The Bill is concerned with leasehold reform. In such a reform, it is wrong to distinguish between the profession or the character of freeholders. If a leaseholder, by reason of leasehold tenure, qualifies for enfranchisement, he should qualify regardless of who his landlord is. I do not see the case for denying some leaseholders the right to enfranchise or, indeed, to extend their leases just because their landlord is a charity. There certainly is no precedent for such a sweeping exemption.

The fact that a charity applies its income for the benefit of others is not a reason for exemption and because charities will receive full market value for their interests there is no reason why they should not continue to do the excellent work that they do now. Indeed, part of my right hon. Friend's remarks related to compensation. The Bill is neutral on the assets of a charity. Nothing in the Bill need inhibit the excellent work which charities fund.

At issue is the derivation of a charity's income. Although a charity may apply or use its income in a charitable way, it by no means follows that the income was obtained in a similar fashion. Where a charity invests, whether in property, shares or similar, the chief underlying intention is to make financial gains. An appropriate comparison might be drawn with the position of charities owning shares. When a company is taken over, individual shareholders such as charities do not have veto rights.

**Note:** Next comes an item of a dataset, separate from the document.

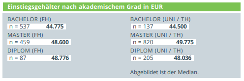 Eine Gehaltsumfrage unter 2.306 Berufseinsteigern des VDI hat ergeben, dass diese jährlich zwischen gut 45.000 - 48.000 Euro verdienen. Dabei ist auch deutlich geworden, dass die Bildungseinrichtung, an der das Studium absolviert wurde, also ob Uni oder FH, kaum einen Unterschied macht:

For tenants, it really is of little importance whether the landlord is a charity; it is all the same to them. Their landlord, although a charity, will behave towards them simply as a commercial landlord. Indeed, one charitable landlord has confirmed that the trustees are generally bound to set premiums and rents that match the market price.

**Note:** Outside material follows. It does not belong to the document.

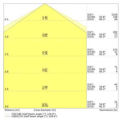 De lichtopbrengst (Lumen), geeft weer hoe krachtig het uitgestraalde licht is. Dit is belangrijk om te weten om de juiste sfeer te creëren. 0 tot 400 Lumen is bij uitstek geschikt voor accent- of sfeerverlichting. Een hoger aantal Lumen is, afhankelijk van de grootte van de ruimte, beter geschikt als ondersteunende- of basisverlichting. Heb je plafonds hoger dan 4 meter, dan is een lichtopbrengst van minimaal 8000lm aan te raden indien heldere verliching gewenst is (vb. in werkomgevingen).

A few days ago, I happened to listen to my right hon. Friend the Member for Selby answer questions on behalf of the Church Commissioners. In reply to my hon. Friend the Member for Hendon, South (Mr. Marshall), my right hon. Friend said: The commissioners' investment policy is to seek to achieve the best total return on their assets—that is, growth of both income and capital. This reflects their primary objective, which is to provide adequate financial support for the Church's serving and retired clergy."—[Official Report, 1 February 1993; Vol. 113, c. 12.1] That is the objective of most charities when they look at how they derive their income.

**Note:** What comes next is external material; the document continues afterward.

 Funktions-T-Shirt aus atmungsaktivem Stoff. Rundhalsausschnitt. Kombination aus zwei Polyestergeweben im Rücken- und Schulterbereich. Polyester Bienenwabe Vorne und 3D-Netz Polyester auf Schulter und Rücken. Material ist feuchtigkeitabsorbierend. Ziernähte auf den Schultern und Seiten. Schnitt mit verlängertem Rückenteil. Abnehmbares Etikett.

Where a charity has a property in which two thirds or more of the flats are let on long leases, we consider that the charity has disposed of a major interest in that property. When a property is let on a long lease at a low rent, the greatest interest, often substantially the whole interest, passes to the leaseholder and the landlord's predominant role then becomes a residual management one. We will shortly have a debate about the price that leaseholders will have to pay for the freehold which will reflect the full market value of that interest. Like others, charitable landlords will be fairly compensated for the loss of their interest.

The Government's firm belief is that it would be wrong to distinguish leaseholders whose landlord is a charity from other leaseholders. We do not believe that it is in the general interest so to do. The landlord's identity makes little or no difference to such leaseholders.

An exemption for charities along the lines proposed by the amendments is, in the Government's view, difficult to defend. The amendments would exclude unfairly many tenants from the benefits of the Bill to which they are greatly looking forward. If my hon. Friend the Member for Weston-super-Mare cannot be persuaded to withdraw the new clause, I hope that the House will oppose it.

Sir Jerry Wiggin

I beg to ask leave to withdraw the motion.

Motion and clause, by leave, withdrawn.